Another advantage we have is that we can spread our overheads. For example, we process 12,000t of potatoes on a site with the capacity to process 130,000t of product.

An additional issue is how the market will pan out when the whole of the UK has been hit by the worst pea season anyone can remember. It's important we secure the supplies we need and ensure that we are manufacturing as well as we possibly can.

The impact will be felt through to June next year. We are looking at different sourcing options. Everything is driven by the sales plan. There are sourcing options in the southern hemisphere, where harvests take place around Christmas time.

We have agency labour that we can use to flex our workforce up and down accordingly. Different manufacturing units also work to different sales patterns across the year, so we can shift people across to them as and when we need them.

I'm not too worried about my next step from here. I'll worry about that when I'm coming to the end of this roll in five years time. At the moment, I'm six months into the job. I'm keen to stay in the area and obviously I don't have to worry about the commute.

Interview by Rod Addy

FACTORY FACTS

Location: Birds Eye, Lowestoft, Whapload Road, Lowestoft, NR32 1JG. Tel: 01502 573131

Site history: "Development began in 1949. Denes 2 was built in 1965, Denes 3 in 1968. In 1987 we built Denes 1, our burger factory, and in 1993, Denes 4, the poultry building."

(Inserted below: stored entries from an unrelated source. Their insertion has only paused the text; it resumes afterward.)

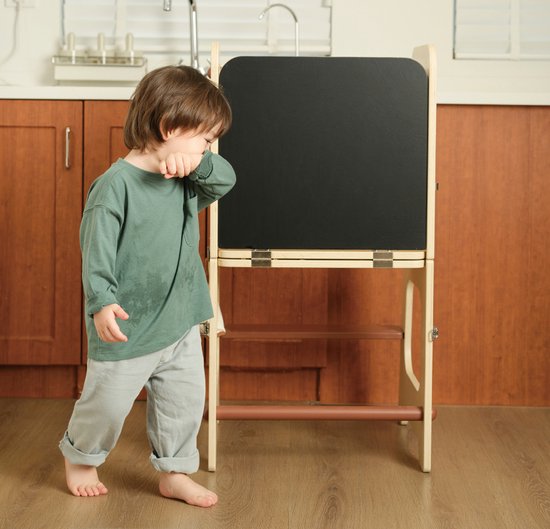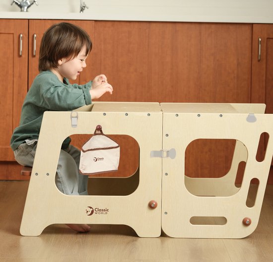 Classic World houten leertoren en tafel - verstelbaar - educatief speelgoed 90cm. Met deze houten leertoren en tafel van Classic World wordt leren en spelen één groot avontuur! De leertoren is verstelbaar, zodat hij met je kind meegroeit en altijd de perfecte hoogte heeft. Het krijtbord maakt het extra leuk om creatief bezig te zijn, terwijl de stevige houten constructie zorgt voor jarenlang speelplezier. Of je nu samen een spelletje speelt, tekent of leert tellen, deze 2-in-1 leertoren en tafel biedt eindeloze mogelijkheden. Dankzij het tijdloze design past hij in elke kamer en stimuleert hij de zelfstandigheid en creativiteit van je kind. Ontdek hoe leuk leren kan zijn! Extra informatie. Verstelbare leertoren en tafel in één. Inclusief krijtbord voor extra speelplezier. Gemaakt van stevig en duurzaam hout Geschikt voor kinderen vanaf 3 jaar.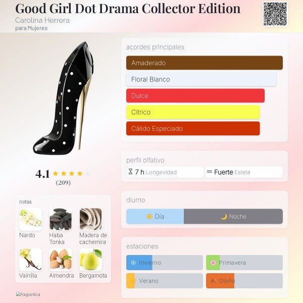 Es una versión más intensa y atrevida de la línea Good Girl. Mantiene el ADN dulce y sensual, pero con un toque más oscuro y elegante. Es un perfume llamativo, femenino y con mucha presencia.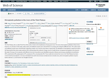 1、ChangboJiang*, LingshiYin, ZhiweiLi, et al. Microplastic pollution in the rivers of the Tibet Plateau[J]. Environmental Pollution, 2019, 249:91-98. (JCR Q1分区期刊)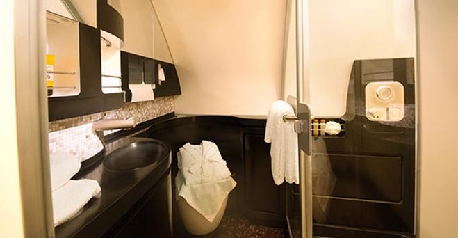 Los afortunados en viajar en primera disponen también de un amplio baño y de kit de aseo con productos de Armani.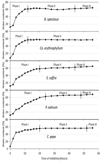 The time required for the seeds to reach the critical water level (the point beyond which the seeds transit from phase I to phase II or minimum seed water content and below which germination is blocked) varied among the species, ranging from 18 h in B. speciosus and Co. erythrophyllum to 24 h in E. caffra and Cu. pepo (Figure 1). P. sativum reached the critical water level at 32 h of imbibition. The variation in the time required for the seeds to reach the critical water level may have been due to variations in the seed tissue water potential of the test species and/or the resistance of the seed coat. It has been reported that rapid water intake occurs in seeds because of the huge difference between seed tissue water potential and the ambient water potential of pure water [42]. These huge differences between dry seed tissue water potential and the ambient water potential (in the case of pure water) result in rapid influxes of water during phase I of water imbibition (Figure 1).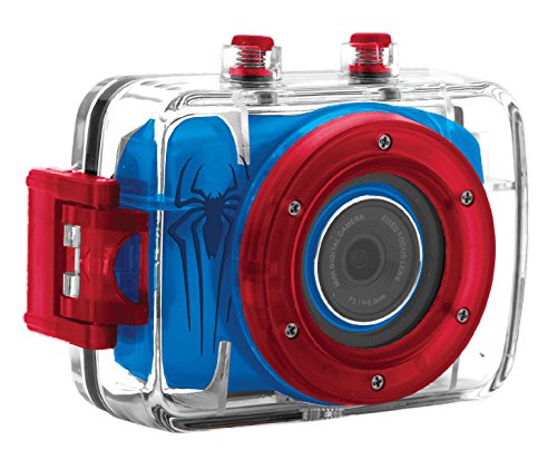 The Spiderman Action Camcorder is a compact digital video camera with an underwater housing. It can capture stunning 5.1 Megapixel still images, along with recording video at 720p. The 2.0" full touch LCD screen serves as both a viewfinder for framing and a playback monitor. The camera also features a 4x zoom, lithium ion rechargeable battery, and a MicroSD slot for up to 32GB of memory. A helmet and bike mount are also included.Feature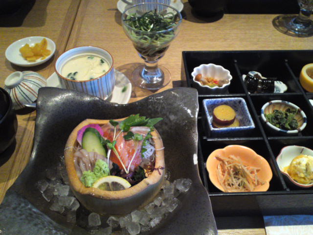 限定のランチでもあったため、お刺身や前菜小鉢9品、茶そば、茶碗蒸し、タジン鍋の蒸し野菜、そして○穀米、食後はチーズケーキにコーヒー(紅茶)と品数も多かったです。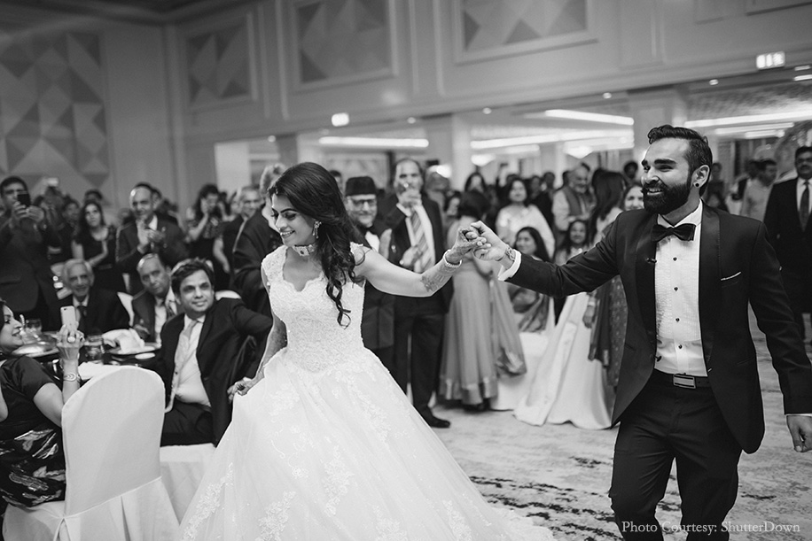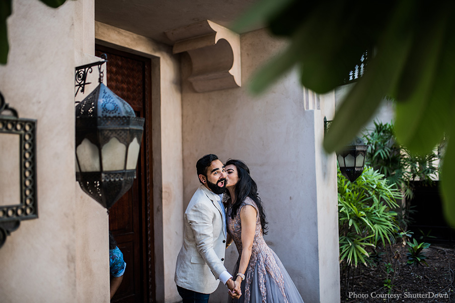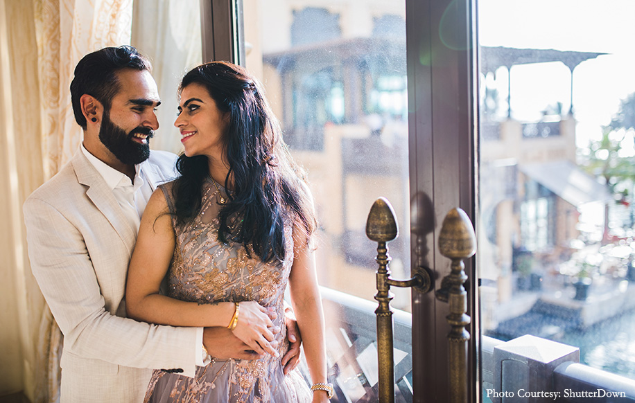 Pankhuri describes Nikhil as the ‘life of the party,’ and the pictures of their nuptials at Madinat Jumeirah, Dubai clicked by WeddingSutra Favorite – Shutterdown show how right she is! He is captured winking at the camera, pulling a relative’s nose, dancing with his bride, making funny faces and thoroughly enjoying the functions. The happy bride shares how they met and highlights of their wedding celebrations here.

Employees: "The whole site has 600 staff. The pea plant operates on 12 people per shift, plus agency workers."

Output: Total site is 120,000t per year. We process 50,000t of peas per year.

Products: Birds Eye Garden Peas. Birds Eye Waffles, Simply Fish, Birds Eye Burgers, Birds Eye or Igloo branded poultry, are all made at the same site.

PERSONAL

Name: Craig Hamilton

Age: 35

Career highlights: "In the vegetable building in the 12 months of 1999. It was all about modernising equipment. We started with 11 production lines and we had to go down to four, but the volume didn't change."

Domestics: Married with twin daughters

Outside work: "I run twice a week and occasionally cycle to work - I live three miles away. Aside from that, my family demand a lot of attention and quite rightly."